En ce qui concerne Hend Sadi, j’ai cru comprendre qu’il avait lancé des piques, aussi inutiles qu’injustes, contre Ferhat Mehenni, le président du GPK et contre le Mouvement Citoyen, tout en préservant, bien évidemment, l’ex-direction du RCD, dont son frère a été président pendant 20 ans… Ainsi, il a insinué que Ferhat Mehenni aurait eu des relations avec les généraux algériens en lui accolant le nom du général Betchine, sortant évidemment totalement cette "rencontre", qui aurait eu lieu en 1994, de son contexte. Il est pourtant de notoriété publique que ce n’est pas Ferhat qui a signé l’accord avec Betchine mais bien le RCD.

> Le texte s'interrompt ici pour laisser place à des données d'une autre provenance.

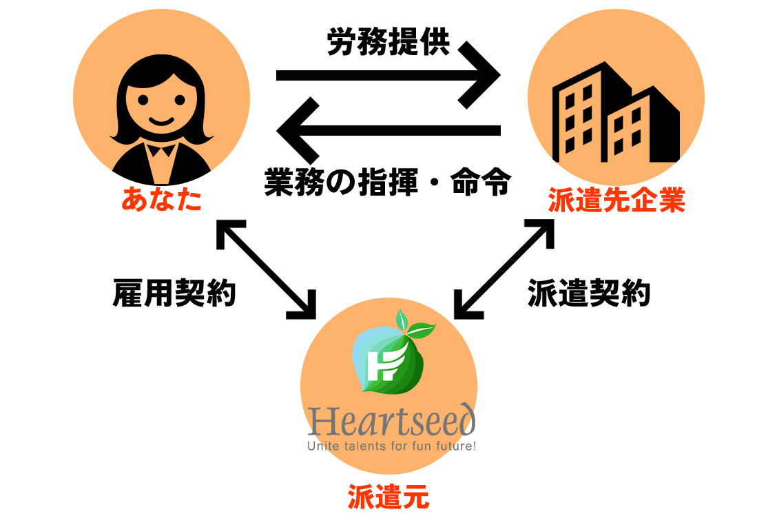 派遣会社がお仕事を紹介し、派遣先企業で実際に働く期間や条件が派遣契約に基づいて決まります。
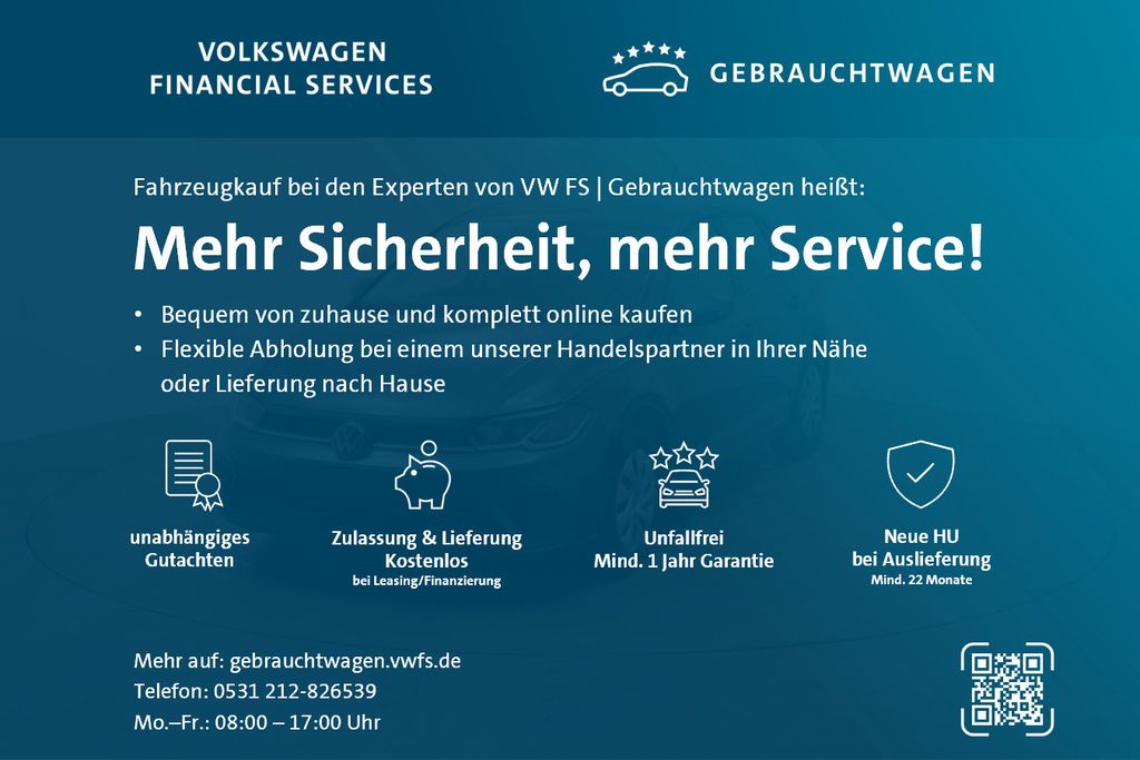 Sobald Sie uns über die Kontaktinformationen per E-Mail oder Telefon Ihr Interesse signalisieren, wird sich unser Team umgehend bei Ihnen melden. Sie erhalten von uns den direkten Link für das Fahrzeuginserat bei Volkswagen Financial Services, um alle weiteren Informationen zum Fahrzeug und Angebot zu erhalten

Le grand Mohand Arab Bessaoud, fondateur de l’académie berbère, dans son livre "les petites gens pour une grande cause" en a bien cerné le profil. Bessaoud avait mis en garde les Kabyles contre ce genre d’individus en disant : "chaque fois qu’une organisation kabyle fonctionne, on l’infiltre, on la dévoie, on la récupère et, si on y parvient pas, on la détruit".
Hend m’inspire également l’histoire de la grenouille et du scorpion qui se rencontrent devant une rivière. Le scorpion demande à la grenouille de l’aider à traverser la rivière en le portant sur son dos. La grenouille lui répond : "hors de question ! je ne peux pas avoir confiance en toi, tu risques de me piquer". Le scorpion tente de rassurer la grenouille en lui disant qu’il ne pouvait pas la piquer car ils se noieraient tous les deux. La grenouille se laisse convaincre et transporte donc le scorpion sur elle. Au milieu de la rivière, la grenouille sent une pique… La grenouille réagit : "qu’as-tu fait ? nous allons couler tous les deux…". Le scorpion réalise : "je n’y peux rien, c’est ma nature".
Vous avez évoqué, il y a quelques mois, la démarche de Ferhat Mehenni pour obtenir un statut de réfugié politique auprès de l’OFPRA. Qu’en est-il aujourd’hui ?
Ferhat Mehenni n’a toujours pas de passeport et cela handicape la cause kabyle, car Ferhat ne peut pas voyager. Par respect au peuple kabyle et à son statut de président du Gouvernement Provisoire Kabyle, il se sent moralement en devoir de ne pas renouveler son passeport auprès des autorités algériennes qu’il combat. Il tient par dessus tout à l’honneur de la Kabylie.
C’est un sacrifice de plus de sa part pour le peuple kabyle.